This dissertation explores the long-run consequences of temporary macroeconomic shocks. It relies on the combination of historical data, frontier methods in empirical macroeconomics, and macroeconomic models featuring firm heterogeneity.
The first chapter provides evidence of substantial long-run effects from monetary shocks on two sources of endogenous growth; human capital and technological adoption. This contribution is the first to test for the presence of this hysteresis in direct measures of the supply-side potential of economies, rather than on indirect measures, e.g., total factor productivity. To estimate the effects of exogenous monetary policy shocks, I improve identification using the trilemma of international finance by developing a mean-unbiased instrumental variable estimator. Results show substantial hysteresis in both human capital and technological adoption. Importantly, monetary shocks have asymmetric effects, as only contractionary shocks result in long lasting responses in productivity. I evaluate the aggregate importance of monetary hysteresis with a growth accounting exercise.
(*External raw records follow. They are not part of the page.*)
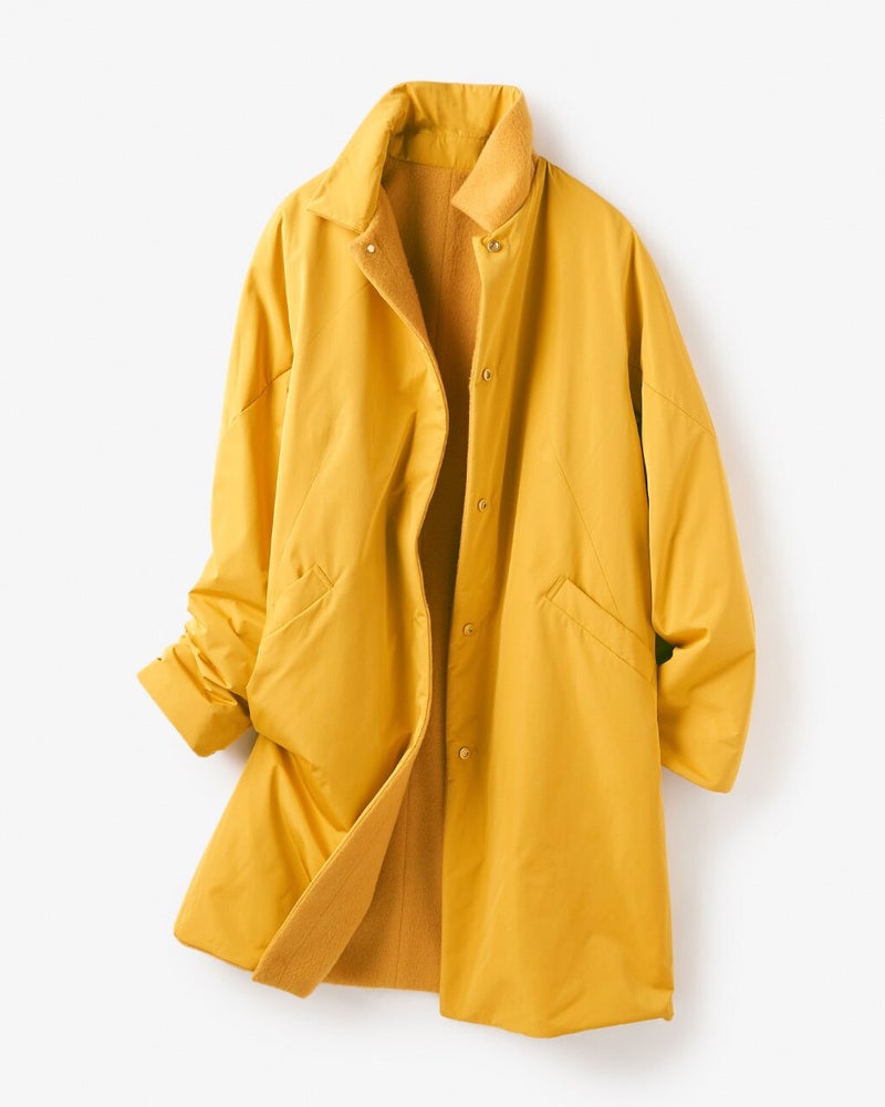 雨の日OK!な撥水タフタと、上質感の漂うカシミヤ混の軽量ウールのリバーシブル。裏面はポリエステルのタフタ生地に撥水加工をプラス。雨や雪の日も安心です。微光沢でハリがあるので、カジュアルすぎない大人の装いにピッタリ。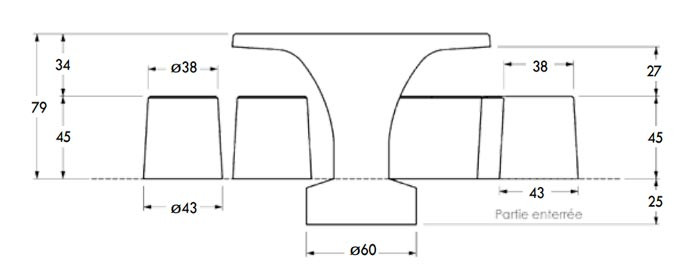 La table est conçue pour être scellée ou fixée, avec une réservation de 25 cm dans le sol.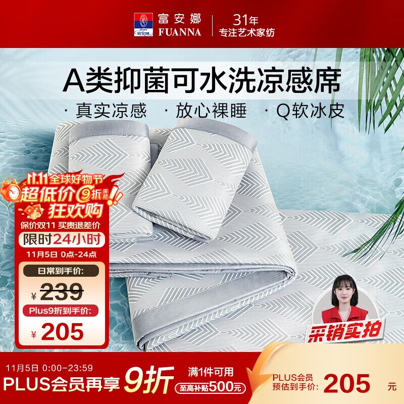 富安娜A类抗菌凉席可机洗冰丝席夏季凉感席子可折叠软席三件套1.8米x2米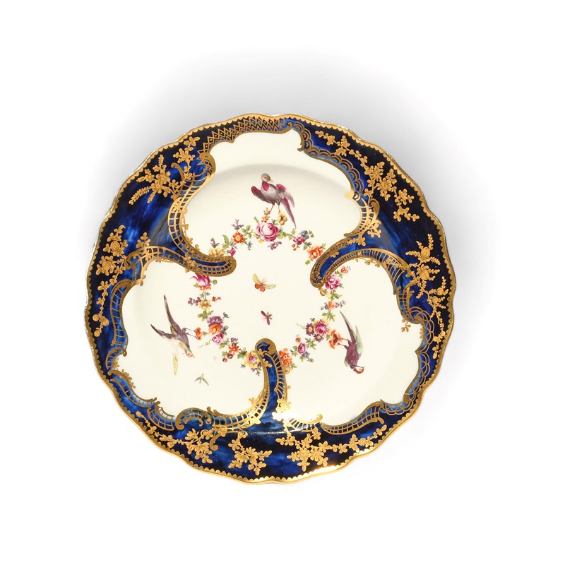 A Chelsea cabinet plate, c.1760-65, the well painted with three birds perched on a continuous flower garland, the rim with a shaped mazarine blue border with gilt flowers and trellis work, gold anchor mark, 21.7cm.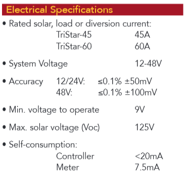 Morningstar's TriStar™ is a three-function controller that provides reliable solar battery charging, load control or diversion regulation. It is rated at 45 or 60 amps, both at 12-48 volts, and has an optional meter, remote meter and remote temperature sensor.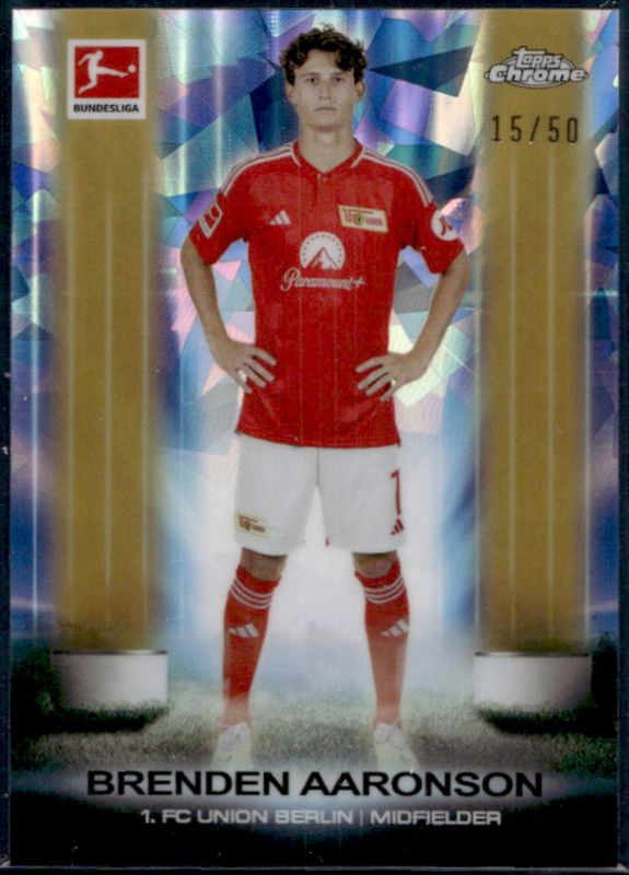 The Brenden Aaronson 2023 Topps Chrome Bundesliga Sapphire Edition #UB-1 Ultrabeam - Gold /50 card is 1 of 28 Brenden Aaronson's card variations in the 2023 Topps Chrome Bundesliga Sapphire Edition set being tracked by Sports Card Investor, including Base, Gold /50, Orange /25, Black /10, and Red /5.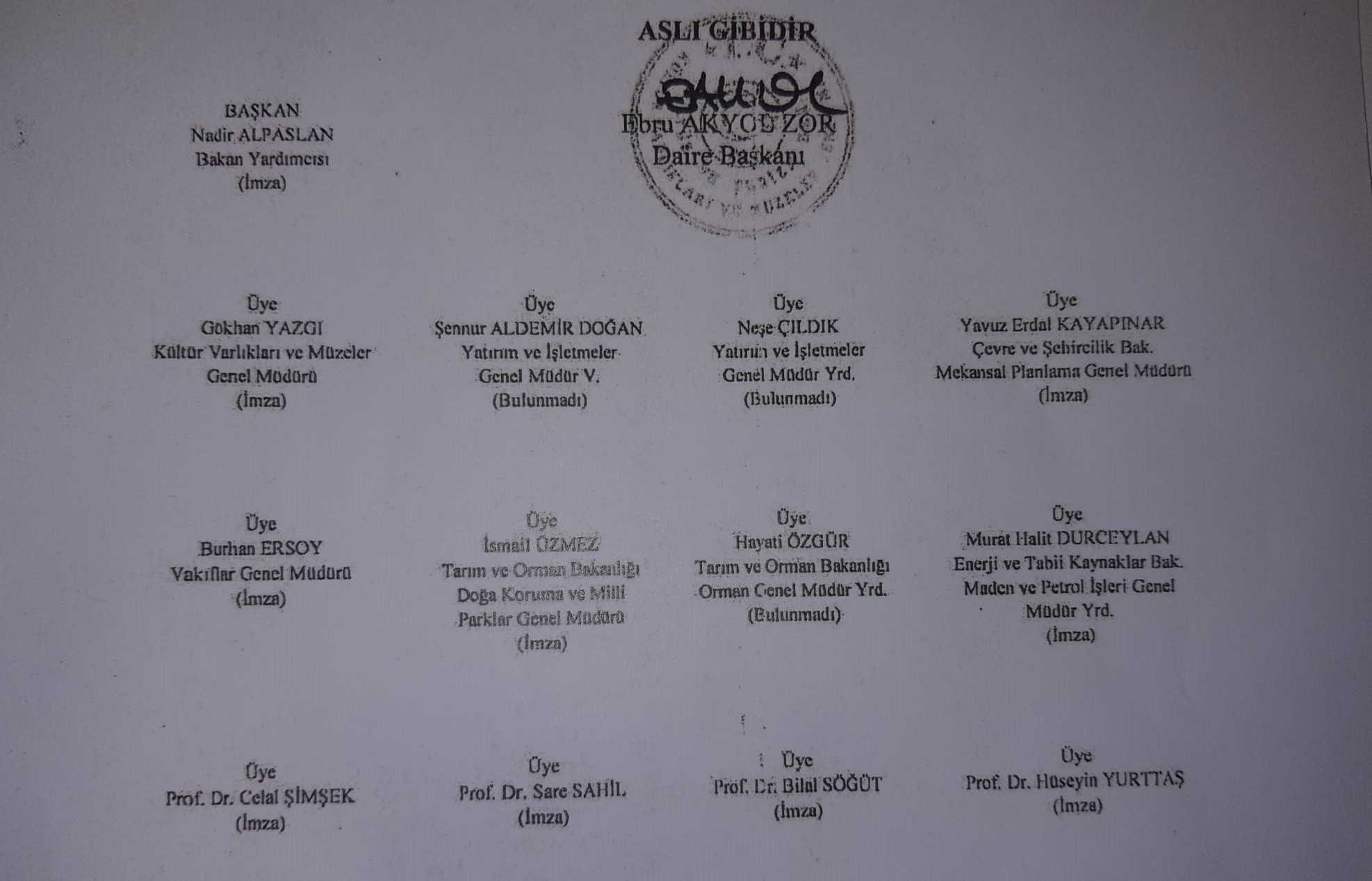 Kararda; toplantıya başkanlık yapan Kültür ve Turizm Bakanlığı Bakan Yardımcısı Nadir Alparslan, Kültür Varlıkları ve Müzeler Genel Müdürü Gökhan Yazıcı, Kurullar Dairesi Başkanı Ebru Akyol Zor, Çevre ve Şehircilik Bakanlığı Mekansal Planlama Genel Müdürü Yavuz Erdal Kayapınar, Vakıflar Genel Müdürü Burhan Ersoy, Tarım ve Orman Bakanlığı Doğa Koruma ve Milli Parklar Genel Müdürü İsmail Üzmez, Enerji ve Tabii Kaynaklar Bakanlığı Maden Petrol İşleri Genel Müdür Yardımcısı Murat Halil Durceylan gibi önemli isimlerin imzaları yer aldı. Ayrıca kararı çeşitli üniversitelerde arkeoloji ve tarih konularında bilimsel araştırmalarda bulan Prof. Dr. Celal Şimşek, Prof. Dr. Sare Sahil, Prof. Dr. Bilal Söğüt ve Prof. Dr Hüseyin Yurttaş da imzaladı.

Across the 17 countries in the sample, the accumulated average cost of monetary hysteresis ranges between 1.2 and 9.6% of total factor productivity.
The second chapter examines the lasting impact of temporary productivity shocks on technological adoption in a model where firms, decide whether to adopt or abandon a new technology after an unexpected productivity shock. The setting is based on firms that face heterogeneous fixed costs to implement and operate said technology. Due to complementarity in the production of the final good, individual technological choices are interlinked, thereby amplifying and prolonging the effects of large shocks. I find that the estimates align closely with the model's predictions, by merging international cross-country data from three databases and using a non-parametric local projections method. A simplified version of the model, calibrated to match the empirical estimates, reveals that subsidizing the operational costs of technology leads to welfare improvements by protecting the economy's productive potential.
Lastly, Chapter 3 (prepared as part of a research project with Michaela Elfsbacka Schmöller from the Bank of Finland) explores the sectoral reallocation effects of monetary policy shocks and their transmission to aggregate productivity. Using data for 65 industries for the period 1948-2014, we show by means of local projections that monetary policy shocks
reallocate resources towards the services sector and away from the rest of the economy. Results suggest that, since the services sector had lower productivity growth, monetary-originated reallocation contributed negatively to aggregate productivity growth over the sample period.